Jakarta, Aktual.co — Pemerintah telah memperketat syarat kerja sama proyek infrastruktur dengan investor Tiongkok agar pengalaman tidak mengenakkan saat mengerjakan proyek pembangkit listrik “Fast Track Program” 10.000 MW tidak terulang.

Perbaikan syarat-syarat kerja sama proyek infrastruktur dengan Tiongkok telah diterapkan pada kerja sama yang terjadi saat pertemuan bilateral Indonesia dan Tiongkok di Konfrensi Asia Afrika pekan lalu.

“Kita telah perbaiki syaratnya agar tidak lagi ada yang terkatung-katung seperti kemarin, dan juga kualitasnya harus memadai,” ujar Menteri Perencanaan Pembangunan Nasional/Kepala Bappenas Andrinof Chaniago di Jakarta, Senin (27/4).

Berdasarkan situs resmi Sekretariat Kabinet, Presiden Joko Widodo dalam pertemuan dengan Presiden Republik Rakyat Tiongkok Xi Jinping di sela Kinferensi Asia Afrika (KAA) berupaya memastikan keterlibatan investor Tiongkok dalam pembangunan infrastruktur maritim, udara, jalan, kereta api dan listrik.

Andrinof mengakui pemerintah, di kesempatan sebelum KAA, juga mengeluhkan hasil proyek pembangkit listrik “Fast Track Program” (FTP) tahap I 10 ribu megawatt dari Tiongkok, yang hanya memiliki faktor kapasitas 35-55 persen dari kapasitas seluruhnya.

“Tapi kita sudah menawarkan ke mereka (Tiongkok) untuk memperbaiki itu,” kata dia.

Dalam kerja sama dengan Tiongkok selanjutnya, kata dia, pemerintah akan memperketat dan mengawasi penerapan teknologi, penggunaan konsultan, desain teknis, dan lainnya.

“Kita bikin (syaratnya) kompetitif. Proyek yang sudah (FTP Tahap I) akan mereka kerjakan lagi untuk naikkan kualitasnya,” kata dia.

Menurut situs resmi Setkab, dalam pertemuan bilateral dengan Presiden Jinping, Presiden Jokowi ingin memastikan keterlibatan Tiongkok dalam proyek pembangunan 24 pelabuhan, 15 bandara, pembangunan jalan sepanjang 1.000 kilometer, pembangunan jalan kereta sepanjang 8.700 km, dan pembangunan pembangkit listrik berkapasitas 35 ribu megawatt.

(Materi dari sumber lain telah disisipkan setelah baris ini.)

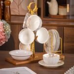 طقم القهوة بالحامل هو اختيار مثالي لكل من يبحث عن الأناقة والعملية في آن واحد. يتميز الطقم بتصميم راقٍ يجمع بين الهدوء والفخامة، مع حامل معدني ذهبي يُسهّل تنظيم الطقم ويمنحه مظهرًا جذّابًا يناسب جميع ديكورات المنزل.مصنوع من خامات سيراميك عالية الجودة، ليمنحك تجربة ضيافة متكاملة تدوم لفترة طويلة دون بهتان أو خدوش.
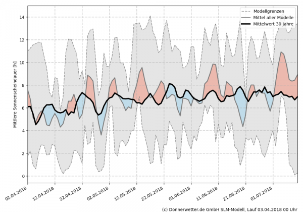 Unsere aktuellen Langfristprognosen für Lufttemperatur, Sonnenscheindauer und Niederschlagshöhe.
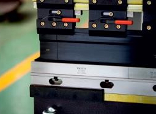 Станок оснащен быстросменной системой фиксации инструмента. Наиболее подходит при гибке небольших заготовок сложной формы, с одновременной установкой нескольких разных сегментов пуансонов.
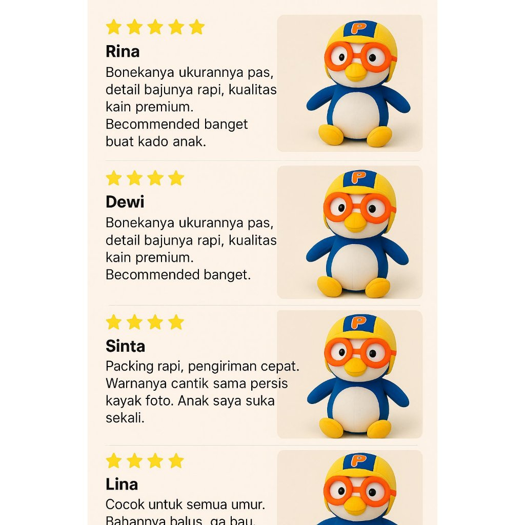 Mainan Boneka Pororo Korea Cartoon Little Penguin Petty Eddy Crong Loopy Poby Plush Toy Doll Kado Boneka Premium Kualitas Import
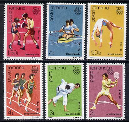 Rumania 1988 Olympic Games set of 6 (Gymnastics, Boxing, Tennis, Judo, Running, Rowing) unmounted mint Mi 4458-63

Selain itu, Tiongkok juga direncanakan akan terlibat dalam pembagunan kereta api (KA) cepat jalur Jakarta – Bandung, dan Jakarta – Surabaya.

Kapasitas Rendah Sebelumnya, Deputi Sarana dan Prasarana Bappenas Dedy Priatna mengatakan pemerintah akhirnya meminta investor Tiongkok untuk menyewa (lease back) kembali proyek “Fast Track Program” (FTP) tahap pertama, yang dicanangkan 10.000 megawatt.

Proyek FTP Tahap I ini dimulai pada 2006, dan hingga 2015, realisasinya sudah 90 persen. Namun, ternyata, faktor kapasitas (capacity factor) dari proyek tersebut sangat tidak maksimal, hanya 35-50 persen. Karena rendahnya faktor kapasitas itu, produksi listrik yang didistribusikan tidak maksimal.

“Analoginya, jika listrik yang harusnya dihasilkan untuk 100 orang, tapi ini hanya untuk 35 orang,” kata Dedy.